To make matters worse, my hangovers were dreadful. And the drinking definitely exacerbated the hot flushes. I could feel my temperature rising with every sip. And my sleep, frankly, was as fragmented as hell.
In retrospect, I think what I was doing was drinking to keep myself feeling young. Alcohol was my link to the hurly-burly of my 30s and 40s — a reminder that I could still be, as it were, fun and vivacious. It gave a sense of occasion to an otherwise humdrum day.
And being a feast-or-famine sort of person, the idea of cutting down to one small glass a day seemed almost more depressing than actually giving up.
So I continued apace, desperately trying to recreate the effect drink used to have on me when I drank moderately. And all the time feeling more and more bloated and oyster-eyed and menopausal than ever.
To try to make myself feel a bit better, I started drinking lots of water and experimenting on the wine front. For a while I drank only organic. Then came the sugar-free champagne — until the ludicrous expense of it hit home.
Then there was a phase of drinking anything I wanted as long as it was 11.5 per cent or under, followed by my long love affair with rosé. Preferably pale French rosé, chilled within an inch of its life and enjoyed all year round — partly because it seemed more festive and sporty and outdoorsy than white, but mostly because it slipped down so easily.
(Rosé, it turns out, has a higher sugar content than either white or red, and is the reason why so many of us come home from a lovely Mediterranean holiday feeling terrible.)
And all the while I’d be desperately trawling the internet for studies linking moderate alcohol consumption to a reduced risk of heart problems, better bone density, etc.

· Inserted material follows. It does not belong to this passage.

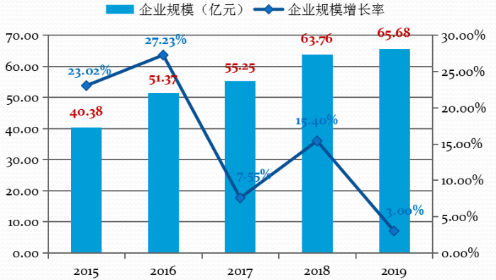 从入选企业平均规模来看,2019“500强”中国企业平均营收规模为65.68亿元,同比增长3%;而2018则为63.76亿元,同比增长15.40%。

There’s always one around somewhere if you look hard enough.
But what I always came unstuck on was the word ‘moderate’ — the word that means one measly glass a day.
In my case, there was no getting round that. Nor, more importantly, was there any way round the increasing evidence of alcohol’s almost incontrovertible link with breast cancer.
In 2008, a doctor in Toronto had concluded that women who had one drink a day would see their ten-year risk of breast cancer rise from 2.8 per cent to 3.5 per cent; and for women who had two drinks a day, from 2.8 per cent to 4.1 per cent. This meant that women like me who had four drinks a day could be looking at 8.2 per cent.
It made me think anew about the grape seed-sized tumour I’d found in my right breast that summer of 2007. Could it have been caused by my drinking? And now that I was on HRT, could I be putting myself in danger of getting it again?
The smart thing to do, according to Dr Martin Galy, a fashionable hormone doctor I went to see about all this, would be to reduce the drink and carry on with the HRT.
He told me that you are probably safer, as far as cancer is concerned, taking even the most sledge-hammering form of HRT than not taking HRT and continuing to drink in quantities greater than the recommended amount.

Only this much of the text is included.